Agora, você já parou para refletir sobre a realidade dos povos indígenas diante desse contexto? De acordo com o monitoramento realizado desde o começo da pandemia pela Articulação dos Povos Indígenas do Brasil (Apib), até o dia 18 de janeiro de 2022, 1.255 vidas indígenas foram levadas pela Covid-19. Sem dúvida alguma, esse número é resultado, principalmente, da negligência e do descaso do governo em vacinar e oferecer assistência médica aos povos originários.
Em dezembro do ano passado, a Repórter Brasil denunciou em uma reportagem que o Ministério da Saúde ainda não tinha completado a imunização nem da metade dos 755 mil indígenas que vivem em Terras Indígenas (TIs), mesmo sendo parte do grupo prioritário do plano de vacinação no país. Ainda de acordo com o levantamento, apenas 44% dos aldeados haviam recebido as duas doses da vacina contra a Covid-19 à época, um ritmo de aplicação mais lento em comparação à população geral.

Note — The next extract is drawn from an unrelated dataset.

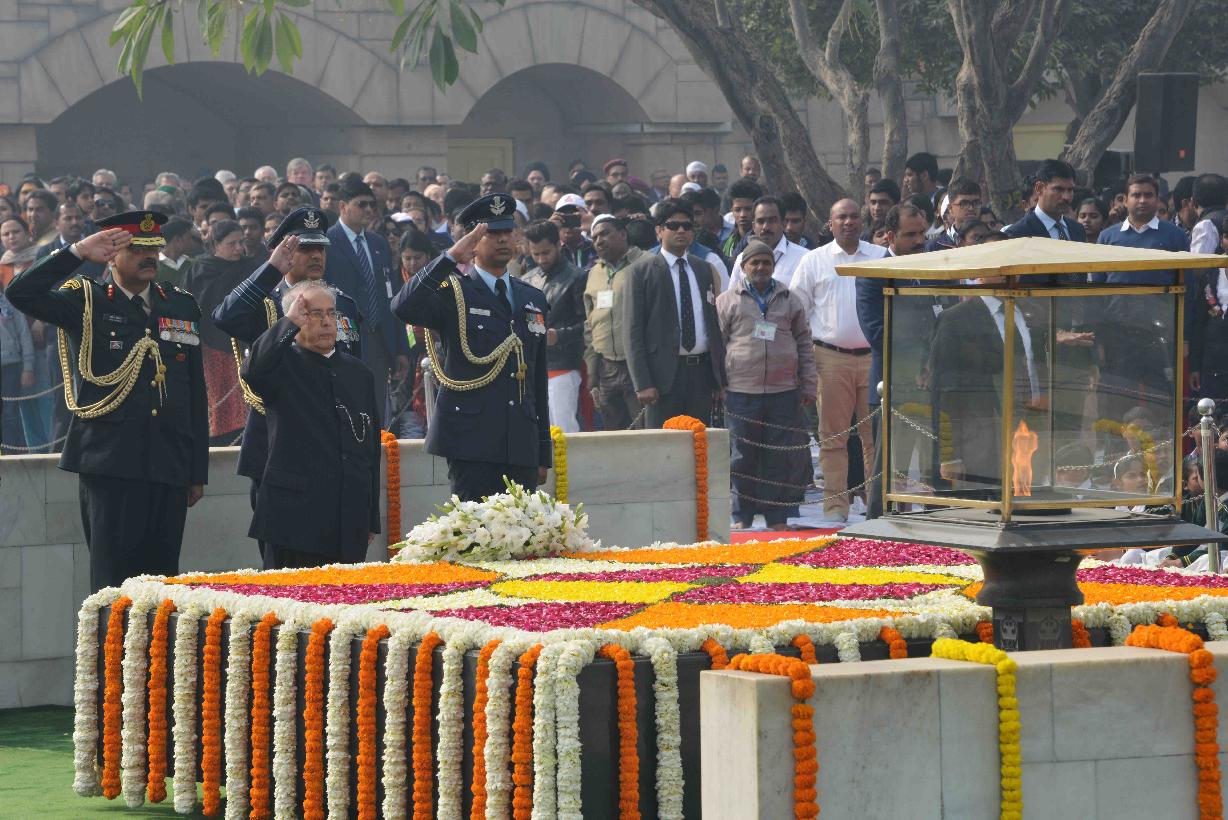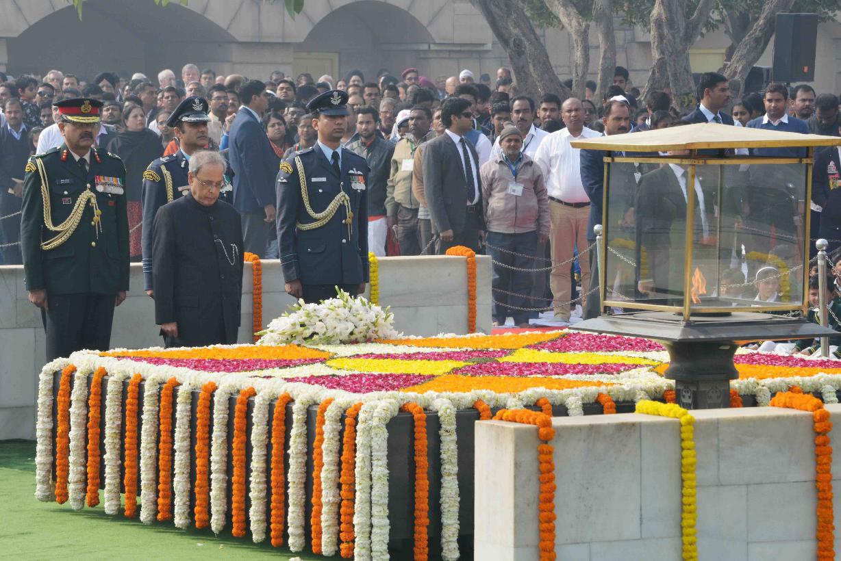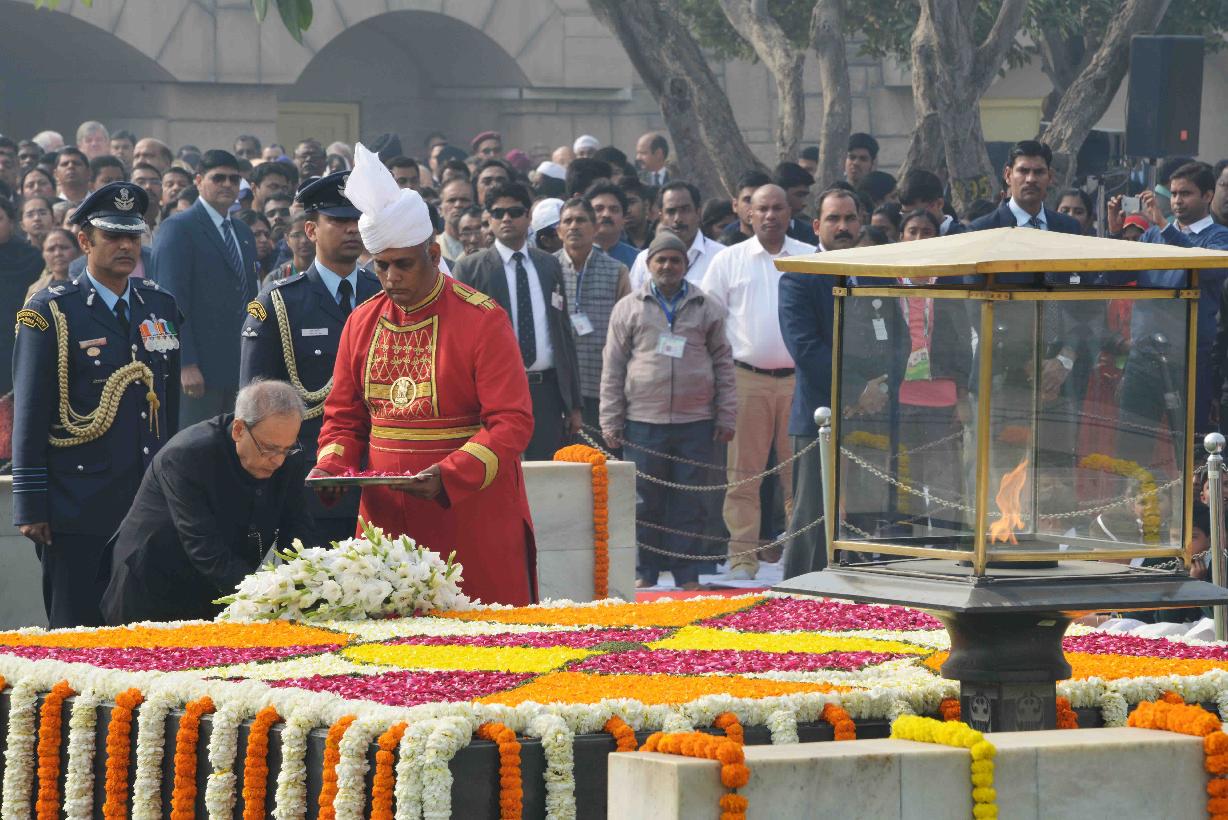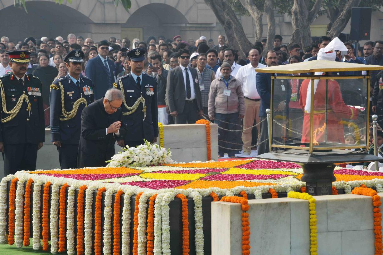 | Caption: | The President of India, Shri Pranab Mukherjee paying homage at the Samadhi of the Father of the Nation, Mahatma Gandhi on the occasion of his 68th Death Anniversary, at Raj Ghat, in Delhi on January 30, 2016 . |

Dados disponibilizados pela Secretaria Especial de Saúde Indígena (Sesai), referentes ao período de 26 de dezembro de 2021 a 1º de janeiro de 2022, mostram que houve um pequeno aumento no número de indígenas imunizados com a segunda dose da vacina contra Covid-19: passou a ser 47,1% de vacinados. Já em relação à terceira dose (reforço), a quantidade de imunizados também é preocupante: apenas 13,5% se vacinaram com o reforço, o que corresponde a 103.878 mil indígenas.
Para Andrey Moreira Cardoso, médico e pesquisador em saúde indígena da Escola Nacional de Saúde Pública da Fiocruz (ENSP/Fiocruz), as evidências históricas da saúde indígena apontam para um cenário “preocupante”.
“Sabemos pouco sobre a cobertura vacinal nas aldeias, mas temos a informação de que, em alguns casos, a cobertura é aquém da desejável tendo em vista a recusa da população motivada por fake news. Além disso, sabemos pouco sobre as doses de reforço nos indígenas, condições ainda menos conhecidas em relação aos indígenas residentes em contexto urbano”, afirmou o pesquisador.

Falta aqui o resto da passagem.